Economist Wesberry is saying that if we change that one rule and don't force them to market down to market and just let them hold on to all the stuff, and say just on sub-primes for this period of time you can change that rule -- a temporary change -- that'll free the market up. It's seized right now; it's frozen. This will thaw it out and get it going again. He says that'll solve 60% of the problem ... and I think he's right.

That one accounting rule is what made Merrill Lynch sell out. That one accounting rule is what's driving other ones into the dirt. Would you rather let them change their accounting rule or loan them $700 billion for us to buyout their bad paper?

I don't like giving them any money or any help with my tax dollars. But I'd rather see that than see the whole thing turn completely upside down in a fruit basket turnover rather than have a whole meltdown or something and freak out here in the middle of the election season.

Why don't we just take the FHA insurance program and extend it across these sub-primes? What that means is that you and I are guaranteeing the lender that they're not going to lose as much or any money on those mortgages. Now I don't like guaranteeing them, but I like it better than buying them. In other words, instead of $700 billion in tax-payer debt going out there to bail out these companies, just extend the insurance out. You could probably do that for less than $40 billion.
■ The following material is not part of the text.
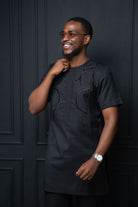 Meet Dapa! Crafted from premium materials, this shirt features black hue with sleeves that end just below the elbow, offering a flattering tailored fit for the modern man.

It's like a 95% savings!

If the government insured those mortgages, they would then be marketable. And could sell them. And the companies would stay afloat. And we, the people, don't have to get into the mortgage business. Now we're going to get in there a little bit because of the insurance on those getting foreclosed on.

But foreclosures aren't causing this. This is being caused because these companies are frozen and seized up. We've got to let some of the steam come off and put some oil in there to get this thing moving again. We can do that without going into debt $700 billion.

Call your Congressman. Call your Senator. Tell them to change the mark-to-market accounting law and to extend insurance but extend no loans. If they extend loans - if they borrow the money on the national debt in order for us to all go into the mortgage business a trillion dollars - you're going to fire their butts and send them home.